Features
Color extractor
Extract a usable palette from any image — hex / RGB / HSL swatches sorted by visual dominance, plus a single-pixel eyedropper.
What it does
The Color Extractor analyses an image and returns the most visually dominant colours, ready for use in a design system, brand guide, or palette swatch. Output is a sorted list of colour swatches with hex, RGB, and HSL values, plus the percentage of the image each colour occupies.
Typical uses:
- Pulling a brand palette out of a reference photo.
- Sampling colours from a hero image to build matching CSS.
- Generating UI accents that complement a piece of artwork.
- Quickly grabbing a single colour from a logo without opening a graphics editor.
How extraction works
The image is downsampled to a manageable working size, then the pixels are quantised into a 32-level RGB cube. Counts per bucket are aggregated and the top N clusters are returned, each with its centroid colour (the mean of the pixels in that bucket).
This is intentionally faster than full k-means clustering — it produces results in milliseconds even on phone-class devices, and the centroid colours are stable across re-runs.
Palette size
You choose how many swatches to return: 3, 6, 9, or 12. The defaults:
- 3 swatches — primary brand palette starting point.
- 6 swatches — most common choice; gives a useful primary + accent + neutrals split.
- 9 or 12 — for richer artwork or when you need shading variants of the same hue.
Increasing the count never changes the top results — the palette is sorted by occurrence, so the first 3 entries at "12 swatches" are the same 3 you'd get at "3 swatches".

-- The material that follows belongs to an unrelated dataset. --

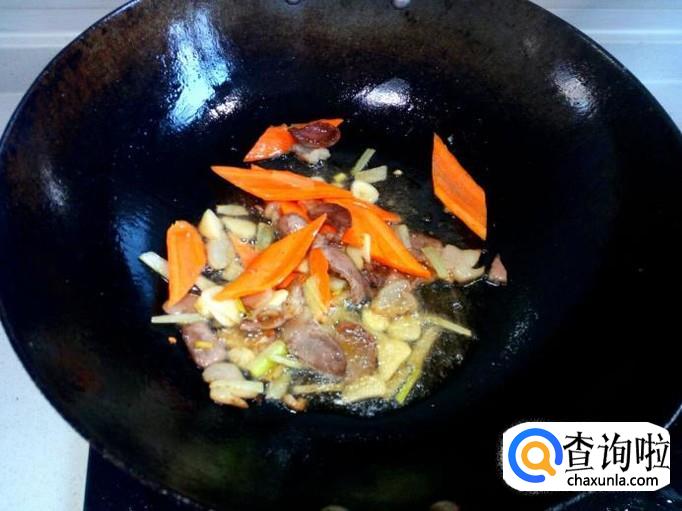放入胡萝卜炒至变软,放入尖青椒略翻炒一下,然后放入料酒,白糖,少许醋,五香粉,酱油,盐,味精,烧成汁。

Sampling at a single point
There is also a single-pixel eyedropper mode. Click anywhere on the image and the tool returns the exact RGBA at that point — useful for verifying a colour that the AI cluster missed (e.g. a small accent in a logo).
Output formats
For each swatch you get:
- Hex (
#RRGGBB) - RGB tuple (
rgb(255, 138, 0)) - HSL tuple (
hsl(32, 100%, 50%)) - Approximate weight (
12.4 %of the image)
Click any value to copy it to clipboard. A "Copy all as CSS variables" button outputs a ready-to-paste :root block.
Tips
- Use the original image, not a screenshot. Re-encoded JPEGs introduce noise that splits clean brand colours into multiple slightly-different clusters.
- Crop to the brand area before extracting — if a photo contains a lot of background, the palette will be dominated by the background colour.
- For a true brand palette, extract from the official brand guide PDF (use the PDF background remover to clean the page first if needed).
Privacy
All analysis runs in-browser. Your image is never uploaded.